Both Hyperstack and TensorDock offer built-in Jupyter notebook support, making it easy to start experimenting without additional setup. This is particularly valuable for data scientists and researchers who prefer interactive development environments. Additionally, TensorDock offers web-based terminal access for quick debugging.
Which provider has better Kubernetes support for orchestration?
Hyperstack offers native Kubernetes support for container orchestration, while TensorDock does not. If you're building production ML pipelines with Kubernetes-based tools like Kubeflow, Argo, or KServe, Hyperstack will integrate more seamlessly with your workflow.
What is each provider best suited for?
Hyperstack is best suited for European enterprises requiring GDPR compliance; Sustainable computing initiatives.

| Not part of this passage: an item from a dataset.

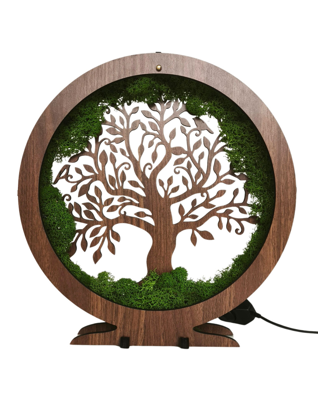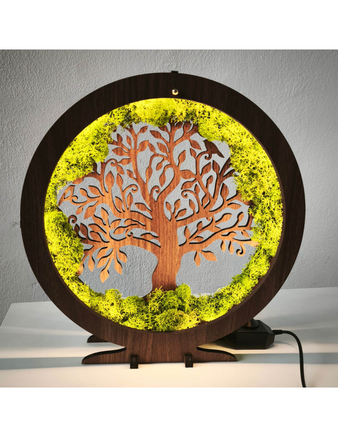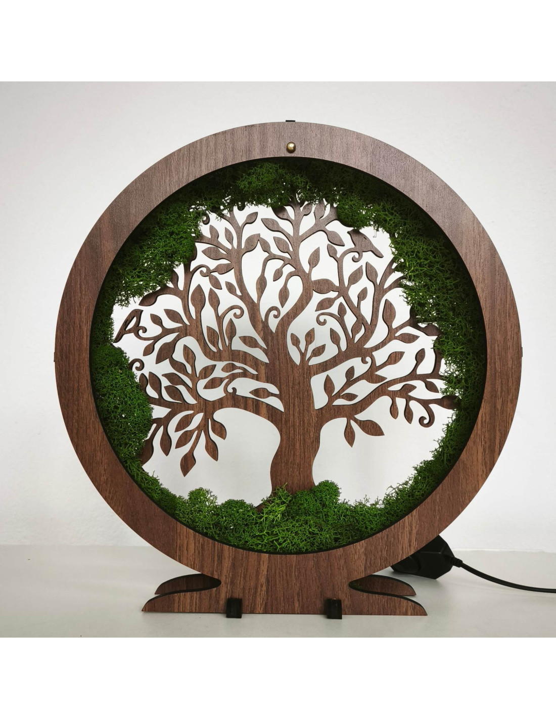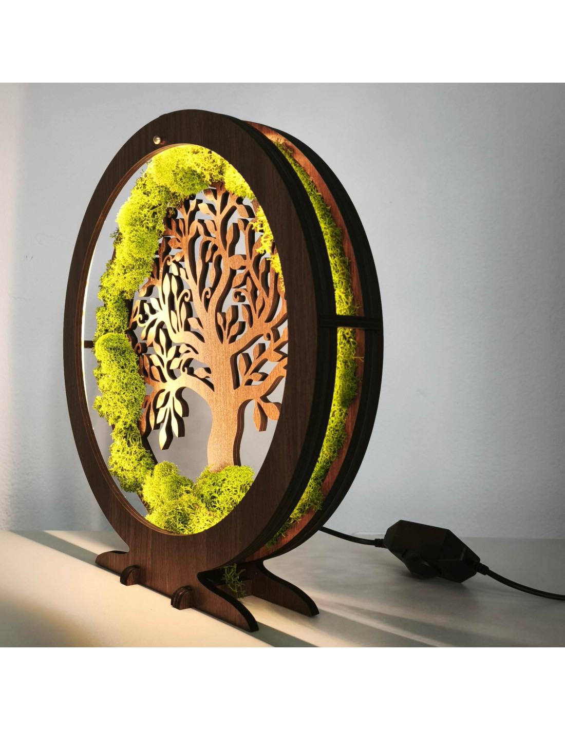 It is made of 15 mm thick HDF board in walnut wenge color and complemented by stabilized moss , which is placed around the perimeter and creates a unique natural effect.

TensorDock excels at Extremely low spot prices. Understanding these specializations helps you choose the provider that aligns with your primary use case, though both can handle a variety of GPU computing needs.
Which provider offers reserved instances for long-term savings?
Hyperstack offers reserved instance pricing for long-term commitments, while TensorDock does not currently offer this option. Reserved instances are ideal for predictable, steady-state workloads like always-on inference services. For variable workloads, on-demand or spot instances may offer better flexibility.
Which provider offers better enterprise support?
Hyperstack offers dedicated enterprise support options, while TensorDock may have more limited support tiers.
Which provider has better API and automation support?
Hyperstack provides a comprehensive API for programmatic control, while TensorDock may require more manual management. If automation is a priority, Hyperstack's API support will streamline your infrastructure-as-code workflows.
Which provider has better container and Docker support?
TensorDock offers native container support for running Docker images, while Hyperstack may require additional configuration. Container support is valuable for reproducible ML pipelines and easy deployment of pre-built environments.
What unique features differentiate these providers?
Hyperstack's standout features include: 100% renewable energy; AI Studio for generative AI workflows. TensorDock's standout features include: Marketplace model; Stabilized inventory post-acquisition. These differentiators may be decisive factors depending on your specific technical requirements and workflow preferences.
How do I get started with each provider?
To get started with Hyperstack, visit their website at https://www.hyperstack.cloud?utm_source=gpuperhour&utm_medium=referral to create an account and explore available GPU options. For TensorDock, visit https://tensordock.com?utm_source=gpuperhour&utm_medium=referral to sign up. Both providers typically offer some form of free credits or trial period for new users. We recommend starting with a small experiment to evaluate the platform's ease of use, instance launch times, and overall fit for your workflow before committing to larger workloads.